See, if I were James Breckenridge I’d be a very angry, angry man. This is a guy who has championed the homeless and worked tirelessly for them during his time at the Salvation Army Shelter where he works. And when not working, he has written extensively on his blog and to local newspapers, doing everything he can to raise awareness on the issue. Even now, homeless and alone, he is working on a way to get to Kamloops to attend a housing conference there or some such thing. He’s going to class to learn how to better help other people even as he himself needs help. Who is this guy?

And what result has James garnered for all this virtuous work? A giant goosegg, that’s what. He wrote a letter to local newspapers – a letter that was actually published – but not one of his friends/acquaintances stepped forward to offer him a place to live. These are the same people James tries to help when he can and defends when someone speaks ill of them. Even though some of them have a couch or a spare room they could lend, they remain silent and allow James to sleep in his 1987 Plymouth Duster.

The media hasn’t been any more accommodating. How do they repay him for all his insightful writing that he does for free? They also ignore his plight. The newspapers know he is homeless and living in his car – they published the letter that he wrote telling them so. Did they dispatch a single reporter to cover this development? Did they try and raise awareness about what he was going through? No – instead they remained silent, leaving it to SomethingCool News to tell the story.

Which, of course, we were more than happy to do. The point of it all is that we really shouldn’t have to, just as James really shouldn’t have to call a Rest Area along the freeway home. In a community that bills itself as caring and “Christian”, this kind of thing really should not be allowed.

It’s a point James understands well. “You know that thing that really pisses me off?” James said to me, taking a sip of his coveted coffee. “If I went into a local church, raised my hands and said, ‘Hallelujah, Praise the Lord!’, all of sudden everyone would come forward to help me. But because I don’t do that, I end up sleeping in my car. How’s that for a caring community?”

It reminds me something I read recently – a story in the newspaper about a church that was luring kids into church by allowing them to play the ultra-violent video game Halo 3. In justifying this, one of the pastors said, “We want to make it hard for teenagers to go to hell. If you want to connect with young teenage boys and drag them into church, free alcohol and pornographic movies would do it. My own take is that we can do much better than that.”

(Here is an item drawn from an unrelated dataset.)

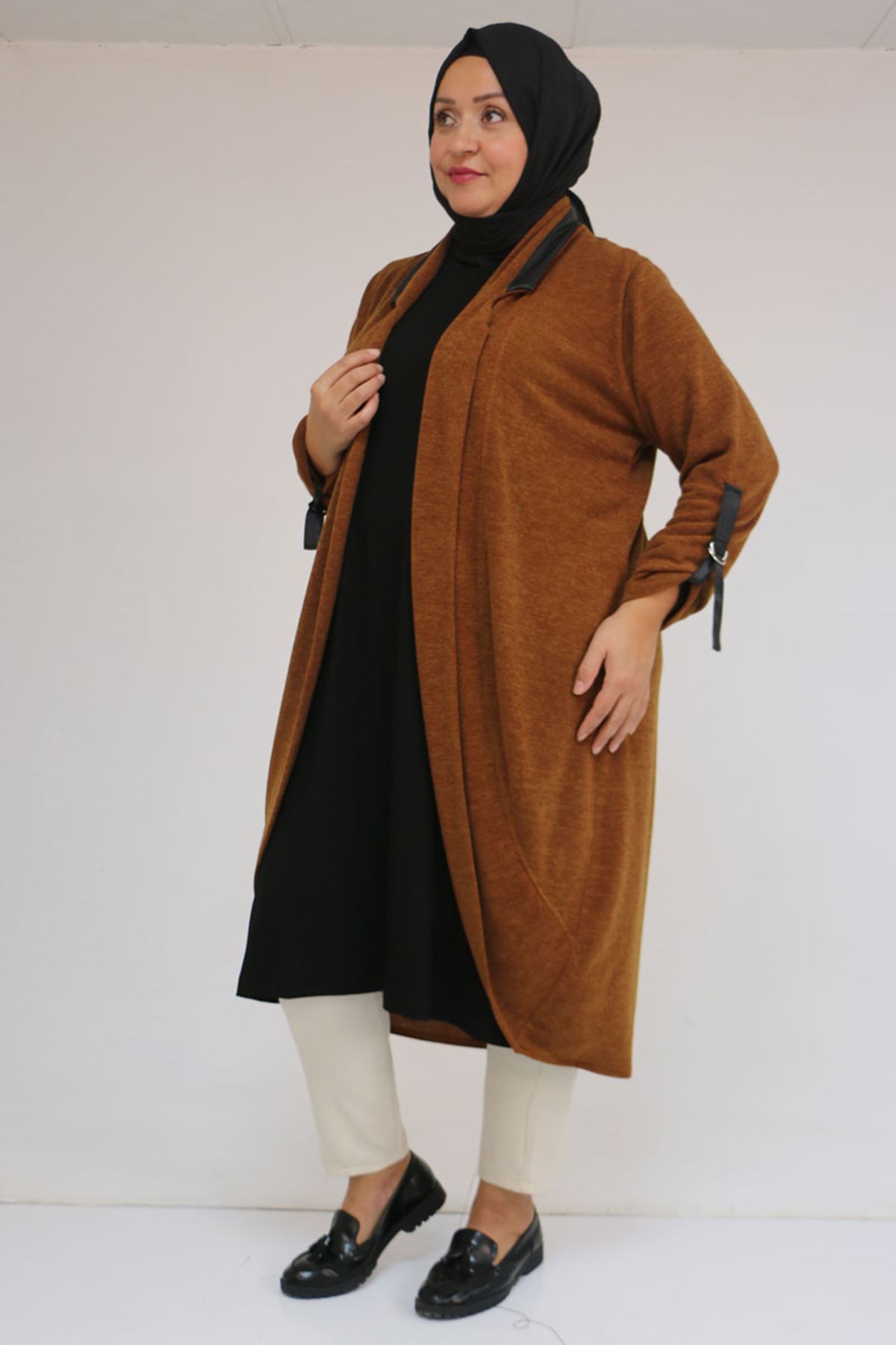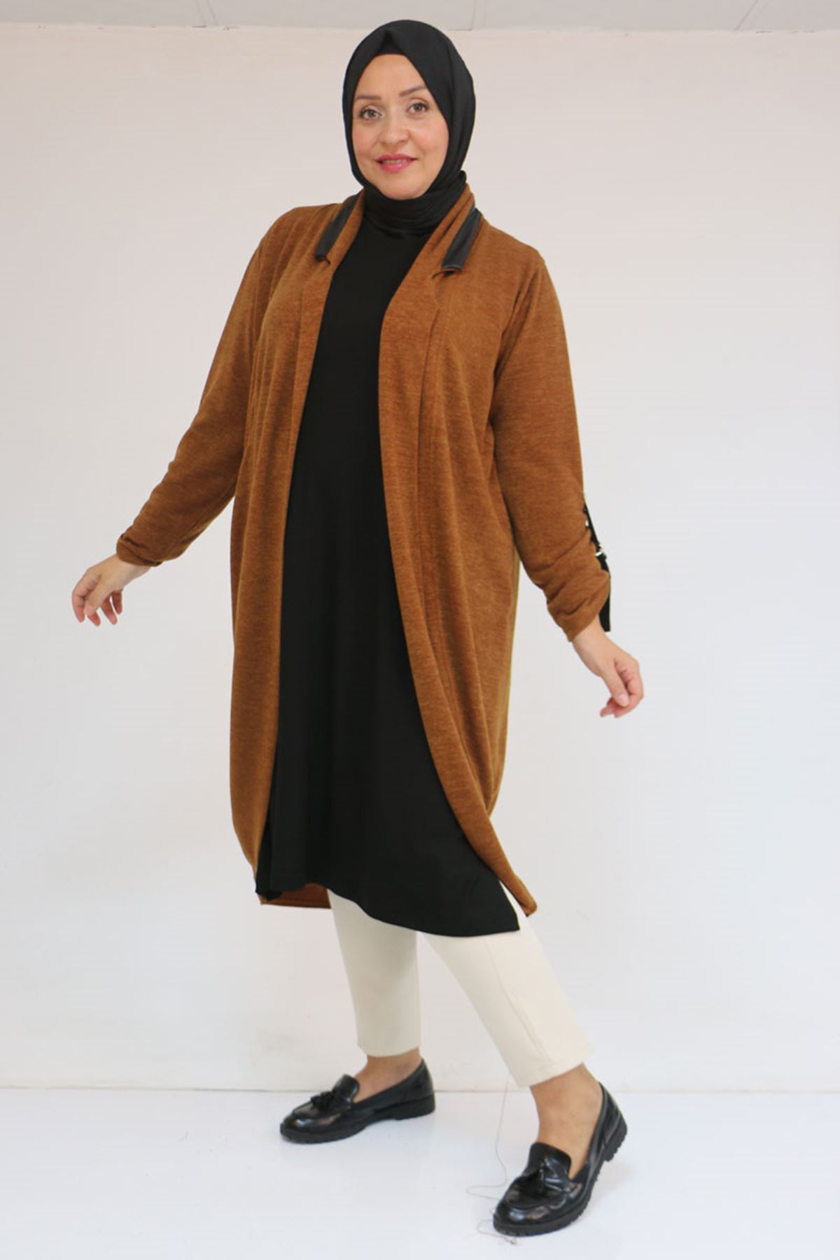 33056 Büyük Beden Petek Triko Waterport Detaylı Ceket -Taba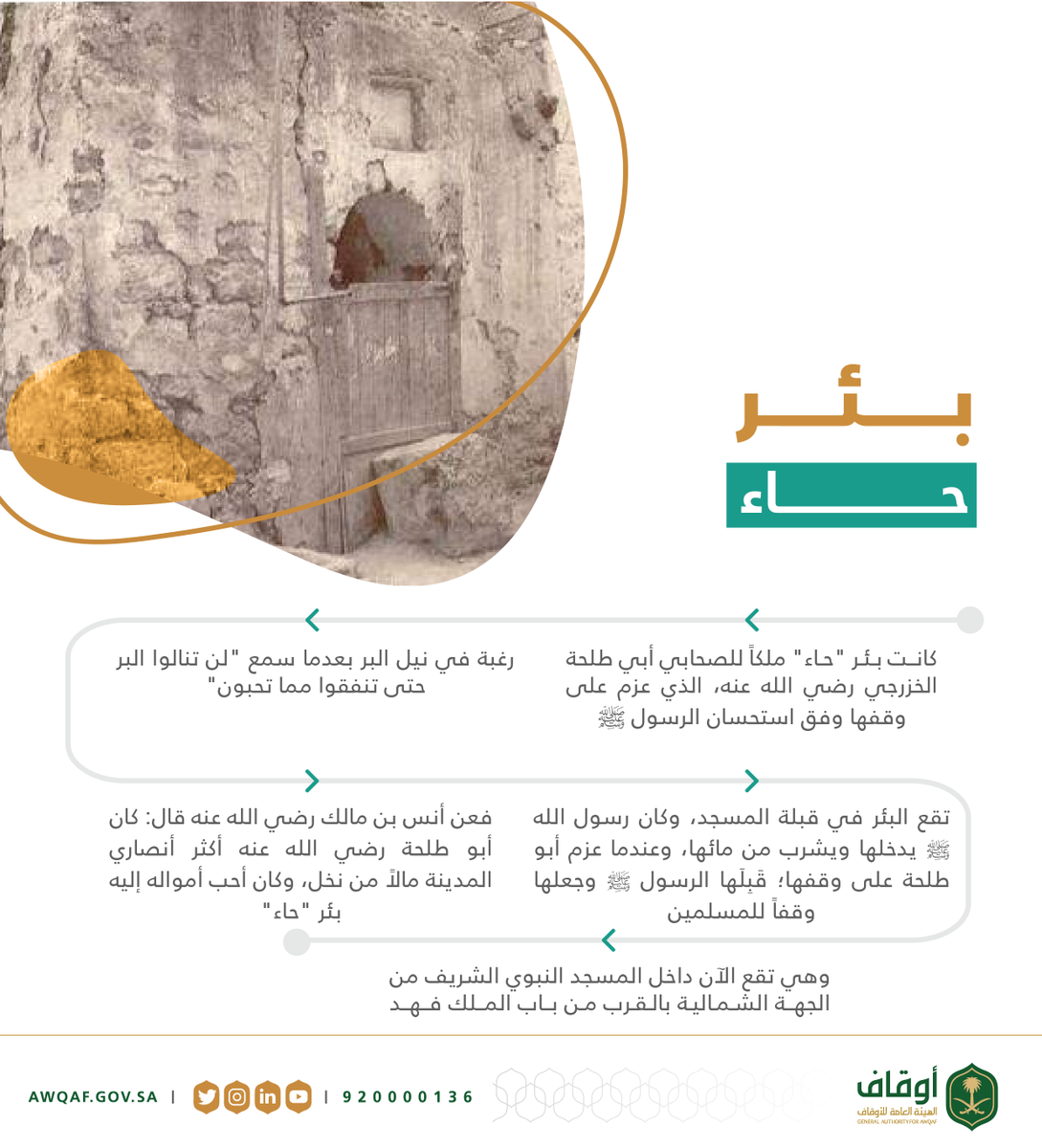 بالقرب من باب الملك فهد بالحرم النبوي الشريف، توجد بئر "حاء" إحدى #أوقاف_المدينة_التاريخية التي كان يستعذب الرسول ﷺ ماءها.. فما هي قصتها؟

So….lure the kids into the church, let them play a violent video game and then tell them that doing so is wrong? It’s the kind of blatant hypocrisy James knows well. Once the “sin” of being homelessness is forgiven, then all is good. Then people can help. But until the homeless beg for forgiveness, they’re ears, eyes and mouth are closed.

The pastor at the Halo Church said that God wants ministers to be “fishers of men.” Elaborating further (and using a more disturbing tone), he said, “Teens are our fish. So we’ve become creative in baiting our hooks.”

Evidently, it’s not just the teens that are the fish, but the homeless as well. And until they start tugging on the bait, well, they’re just going to have to get used to sleeping outside, or as it is in James’ case, in their cars.

But James isn’t angry about that and instead makes a joke about it. I don’t understand how this man is able to turn so many negatives into such positives, but he does. For him, being a fish is an alright life, not one that he necessarily wanted or chose, but then why be depressed about it? Whether he’s angry or sad, he’s still going to be homeless, so I guess in his mind, he’s better off thinking about disappearing socks. I mean, if no one else seems to have any emotion on the subject, why should he?